Rosenthal meant Petersen. Petersen hadn’t made a big bet which went bad. Petersen’s dental-ad grin meant he was staying. And Matthew? What would he get? The regretful smile and a kick in the teeth? Here’s your consolation prize, so sorry you can’t stay. Never mind about your father’s thirty million quid. We’re sure it’ll tum up. Matthew’s mind raced as Rosenthal continued.

‘But we don’t want to lose our promising young professionals. And that’s where Brian comes in. Brian?’

McAllister took over.

‘We’re setting up a new group in London, Matt, and I’d like you to be a part of it. The group’s going to buy and sell distressed debt. European junk, if you prefer.’ Matthew knew what he meant. Say a company - Eurotunnel, for instance - borrows a lot of money. It hits bad times. The bankers and investors who lent to it realise they’ll never get their money back in full. The loans trade, like the Western Instruments bonds, at big discounts to face value. Trading in these markets is a roller-coaster ride, for company and lenders alike. If you’re smart, and you buy in the troughs and sell in the peaks, you can make a fortune. If, on the other hand, what you thought was the bottom turns out to be a brief respite before an even sharper collapse, then you can lose your shirt, collar and necktie, all in a sitting.

‘The job needs trading sense, for sure,’ continued McAllister. ‘But it also needs intelligence, and the ability to do deep research on the situations that interest us. That’s what made me think of you. I think you’re a natural for this group, Matt, and I’d be delighted if you wanted to join it. We’re starting in the New Year, so you’d need to find yourself somewhere to live in London over the holiday if you can.’

McAllister went on to describe the job in more detail, but he didn’t need to.
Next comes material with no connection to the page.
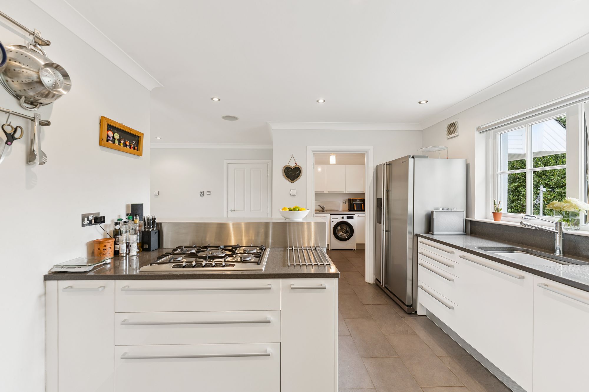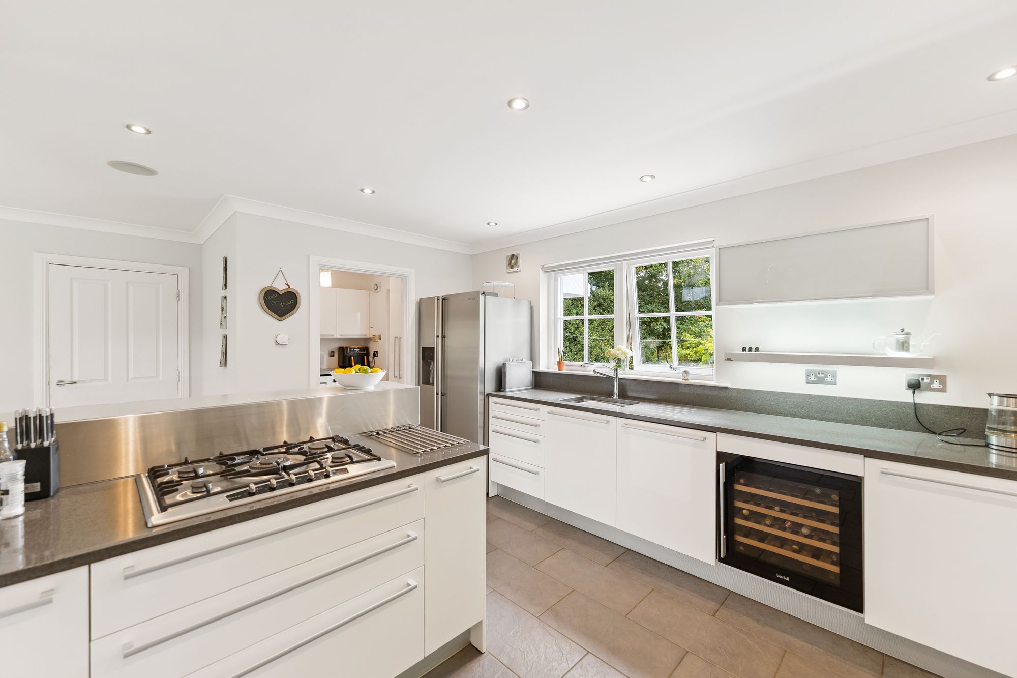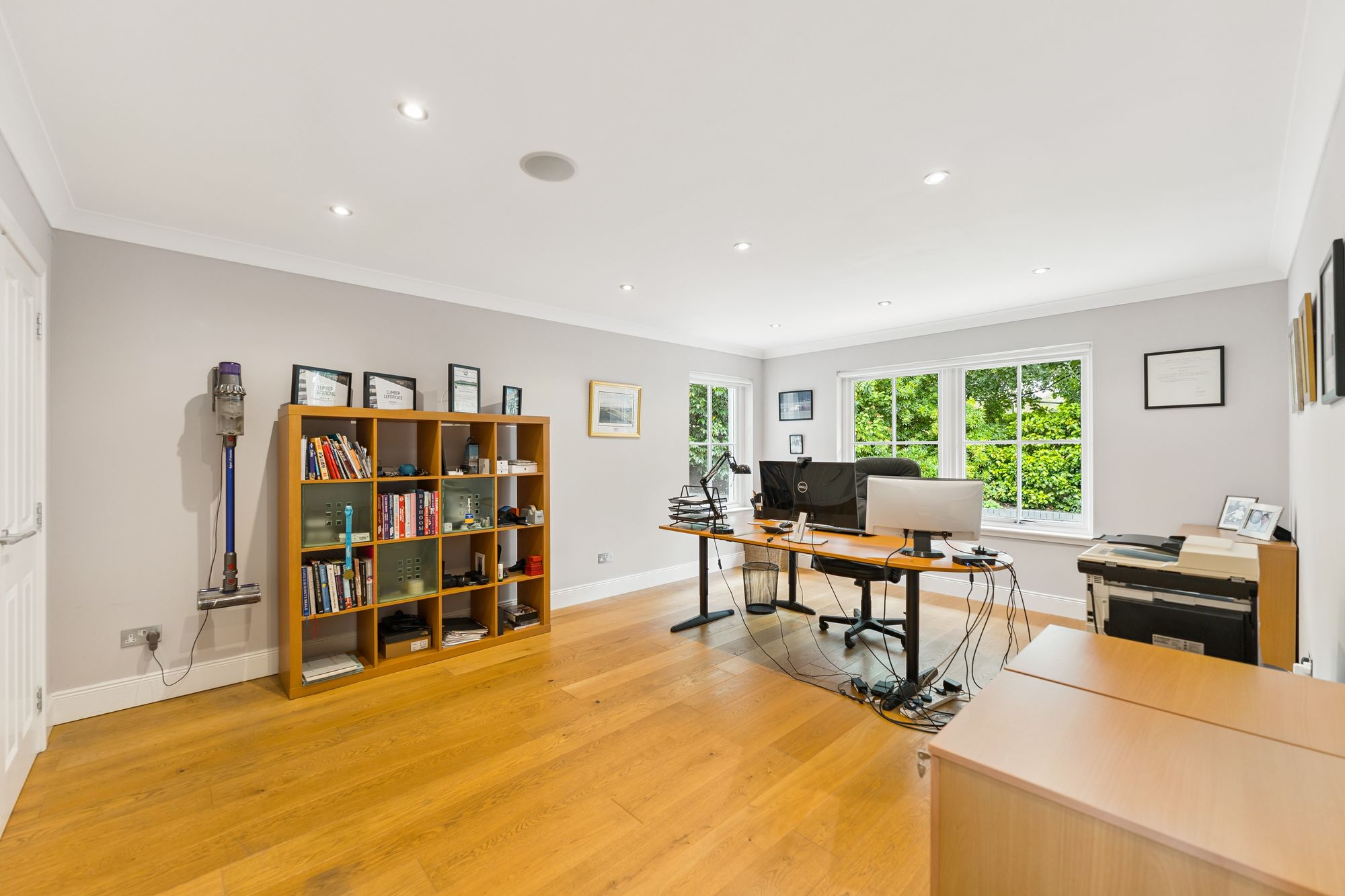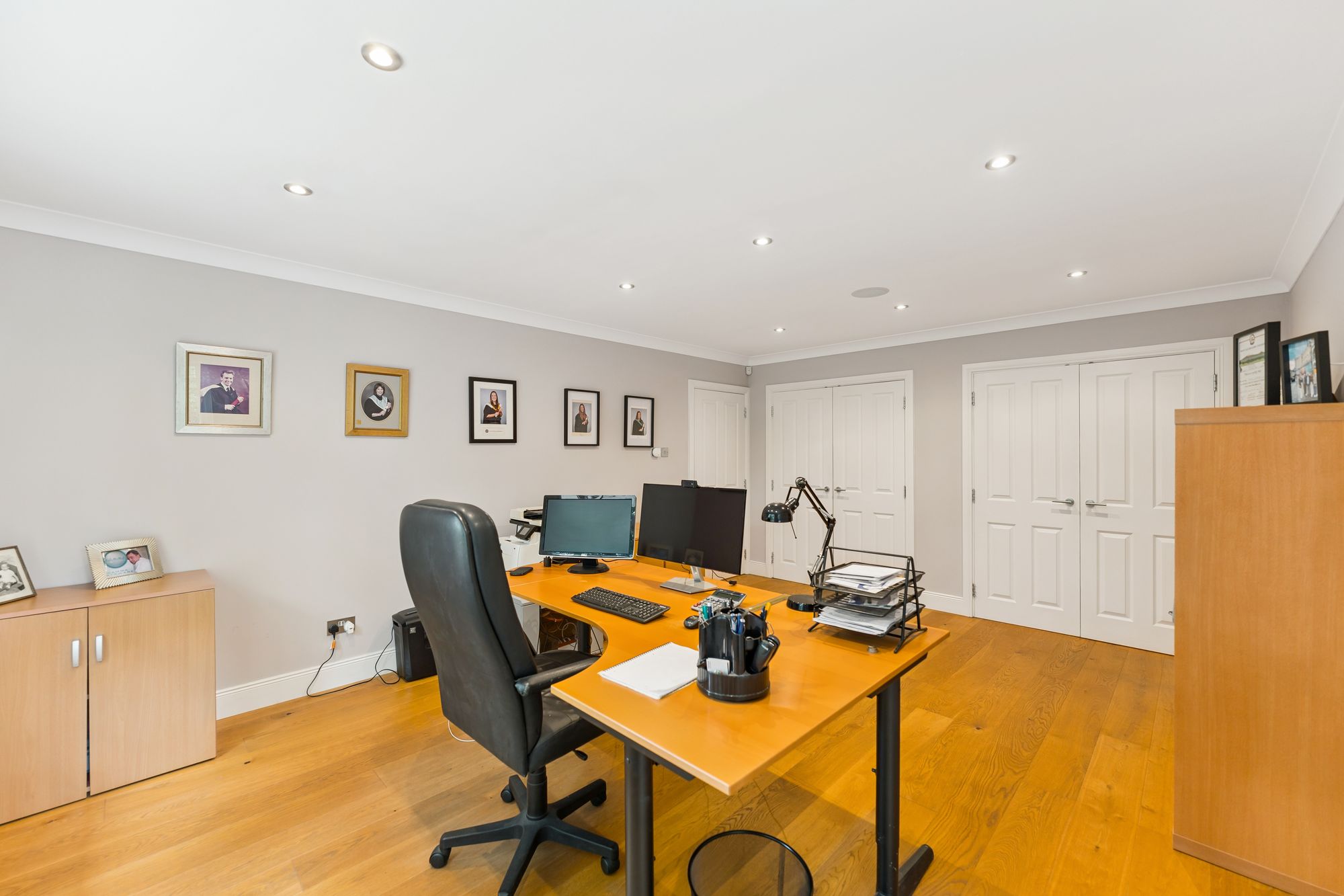 The ground floor also features a spacious home office, complete with built-in storage, which offers the flexibility to be used as a fifth bedroom if desired. The fully tiled downstairs WC adds practicality, while the heart of the home lies in the expansive open-plan family room and kitchen. This light-filled space boasts multiple aspect windows and French doors that open directly onto the impressive rear gardens, ideal for indoor-outdoor living. The well-appointed kitchen also benefits from an adjoining laundry room, offering convenient everyday functionality.

Matthew was hooked. A job like this was perfect, just perfect, for what he had in mind. He was unhappy about his bonus, but the job was perfect. Perhaps Plan B would be possible after all.

The arrangement was quickly confirmed. Even if Matthew hadn’t been keen, he’d have accepted. An offer is only an order in disguise, and Matthew’s old job had crumbled beneath him.

There was only one problem and it was a big one.

Fiona. As soon as Matthew had left Rosenthal’s office, he hurried down the trading floor to Fiona’s office. As he made his way there - passing the secretaries fighting with photocopiers, the traders bragging over their two-dollar cappuccinos, the mail men who serve the firm for fifty years never seeing a tenth of the bonus that had so disappointed Matthew - his mind was full of thoughts.

He was relieved to have a job. He was excited by the new position. He was pleased to get a bonus. He was pleased at the praise that Rosenthal and, more importantly, McAllister had offered him. He was disappointed with the size of his bonus, though he knew it was fair, generous even. But, most of all, as he hurried down the aisle, he realised he couldn’t contemplate losing Fiona.